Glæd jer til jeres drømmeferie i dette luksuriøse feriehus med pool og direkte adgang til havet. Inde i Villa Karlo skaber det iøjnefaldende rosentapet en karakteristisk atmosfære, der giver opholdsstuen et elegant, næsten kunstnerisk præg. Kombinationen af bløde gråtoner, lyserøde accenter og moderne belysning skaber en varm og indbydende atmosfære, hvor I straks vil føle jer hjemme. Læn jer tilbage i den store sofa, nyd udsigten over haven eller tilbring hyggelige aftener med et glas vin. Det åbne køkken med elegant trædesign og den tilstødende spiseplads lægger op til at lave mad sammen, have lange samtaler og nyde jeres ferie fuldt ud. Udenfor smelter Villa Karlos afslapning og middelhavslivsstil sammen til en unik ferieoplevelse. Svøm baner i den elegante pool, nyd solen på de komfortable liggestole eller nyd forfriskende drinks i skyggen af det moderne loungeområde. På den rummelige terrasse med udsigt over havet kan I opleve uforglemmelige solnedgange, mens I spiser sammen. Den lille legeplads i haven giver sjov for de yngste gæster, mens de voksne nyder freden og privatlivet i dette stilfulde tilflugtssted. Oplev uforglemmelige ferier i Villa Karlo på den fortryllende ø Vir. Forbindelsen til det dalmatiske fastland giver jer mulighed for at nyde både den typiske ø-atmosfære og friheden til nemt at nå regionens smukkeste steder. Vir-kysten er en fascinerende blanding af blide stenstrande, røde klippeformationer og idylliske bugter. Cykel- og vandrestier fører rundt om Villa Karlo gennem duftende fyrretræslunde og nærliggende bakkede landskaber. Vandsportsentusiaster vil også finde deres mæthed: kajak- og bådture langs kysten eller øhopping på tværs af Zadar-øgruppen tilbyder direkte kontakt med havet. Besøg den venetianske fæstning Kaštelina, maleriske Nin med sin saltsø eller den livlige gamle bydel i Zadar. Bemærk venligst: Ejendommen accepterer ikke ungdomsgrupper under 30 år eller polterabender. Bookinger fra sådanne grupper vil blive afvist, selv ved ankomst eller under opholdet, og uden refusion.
* * *
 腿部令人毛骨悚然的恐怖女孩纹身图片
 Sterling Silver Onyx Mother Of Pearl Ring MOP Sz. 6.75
...
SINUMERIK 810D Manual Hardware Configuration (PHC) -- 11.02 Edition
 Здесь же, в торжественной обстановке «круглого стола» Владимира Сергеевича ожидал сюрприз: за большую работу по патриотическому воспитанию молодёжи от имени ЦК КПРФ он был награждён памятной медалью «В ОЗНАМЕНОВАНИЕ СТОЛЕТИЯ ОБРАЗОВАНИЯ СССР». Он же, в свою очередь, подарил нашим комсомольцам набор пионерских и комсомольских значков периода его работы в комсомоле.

■ TASK TO COMPLETE ■
Repeat word for word the lines above that run from the line containing "腿部令人毛骨悚然的恐怖女孩纹身图片" through the line containing "Sterling Silver Onyx", both ends included, and nothing else.

■ THE COMPLETED TASK ■
 腿部令人毛骨悚然的恐怖女孩纹身图片
 Sterling Silver Onyx Mother Of Pearl Ring MOP Sz. 6.75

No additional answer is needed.